Le jeu pathologique est défini comme un comportement répété et persistant de jeu d'argent exposant à des conséquences sociales, professionnelles et individuelles négatives. Selon la classification américaine du Diagnostic and statistical manual, IVe édition (DSM IV), le jeu pathologique est une forme de trouble du contrôle des impulsions. Les principaux critères diagnostiques sont : la préoccupation par le jeu, le besoin de jouer avec des sommes d'argent croissantes pour atteindre l'état d'excitation désiré, les efforts répétés mais infructueux pour contrôler, réduire ou arrêter la pratique du jeu, l'agitation ou irritabilité lors des tentatives de réduction ou d'arrêt de la pratique du jeu, la tendance à jouer pour recouvrer ses pertes. La prévalence du jeu pathologique en population générale est de 1 à 3 % de la population adulte. La proportion de joueurs pathologiques est plus élevée chez les hommes que chez les femmes. Les conséquences financières négatives du jeu pathologique ont été clairement démontrées. Les joueurs « sociaux » ou « contrôlés » dépensent en moyenne 5 % de leur revenu mensuel dans des jeux d'argent.

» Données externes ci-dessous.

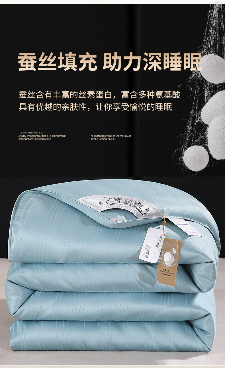 当前位置: 91家纺网 > 商品网购 > 被子 > 蚕丝被 > 前程家纺 2025新款120S全棉缎条被子母被二合一双胎被拉链款冬被春秋被 锻条--水蓝色
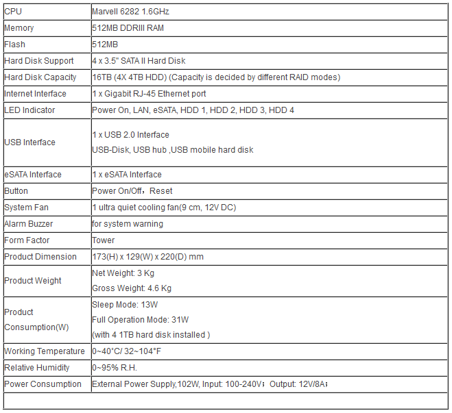 Berikut ini adalah spesifikasi dari F4-NAS seperti yang tertera di situs resmi TerraMaster:
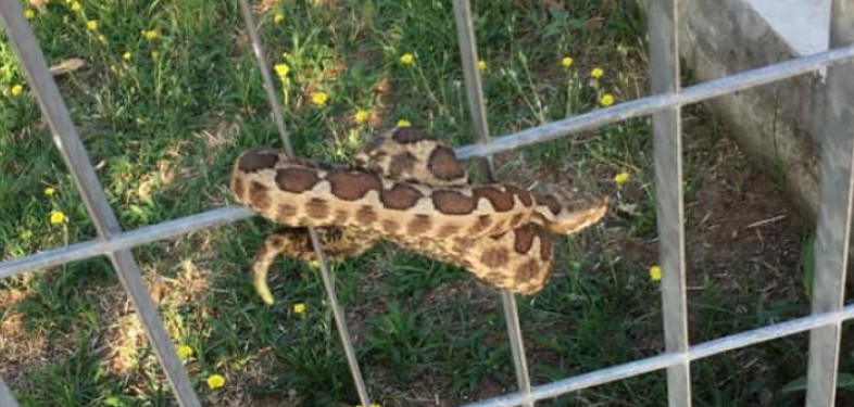Αυτή τη φορά η κλήση έγινε έγκαιρα, με αποτέλεσμα η οχιά να εντοπιστεί από τον εθελοντή της Δράσης για την Άγρια Ζωή, Στέλιο Γερονυμάκη και να απομακρυνθεί από την περιοχή.

Les joueurs pathologiques dépensent entre 14 et 45 % de leur salaire. Presque tous les joueurs pathologiques présentent à un moment de leur existence un autre trouble psychiatrique (dépression 75 %, manie et hypomanie 40 %, troubles anxieux 28 %, abus ou dépendance alcoolique 52 %). Les principales modifications neurobiologiques mises en évidence chez les joueurs sont une réduction de la monoamine oxydase plaquettaire, des taux de bêtaendorphines. Les travaux de génétique moléculaire ont suggéré que l'allèle A1 du gène codant pour le récepteur dopaminergique D2 était plus fréquent chez les joueurs (50 %) que chez les témoins (26 %). Les facteurs psychopathologiques le plus régulièrement impliqués sont l'impulsivité, la recherche de sensations ou encore, dans une perspective psychanalytique, la culpabilité et la recherche de punition. Les protocoles thérapeutiques les plus récents font appel aux thérapies cognitives et comportementales, au soutien relationnel, aux thérapies familiales et aux thérapies de groupe, éventuellement associées à des antidépresseurs sérotoninergiques.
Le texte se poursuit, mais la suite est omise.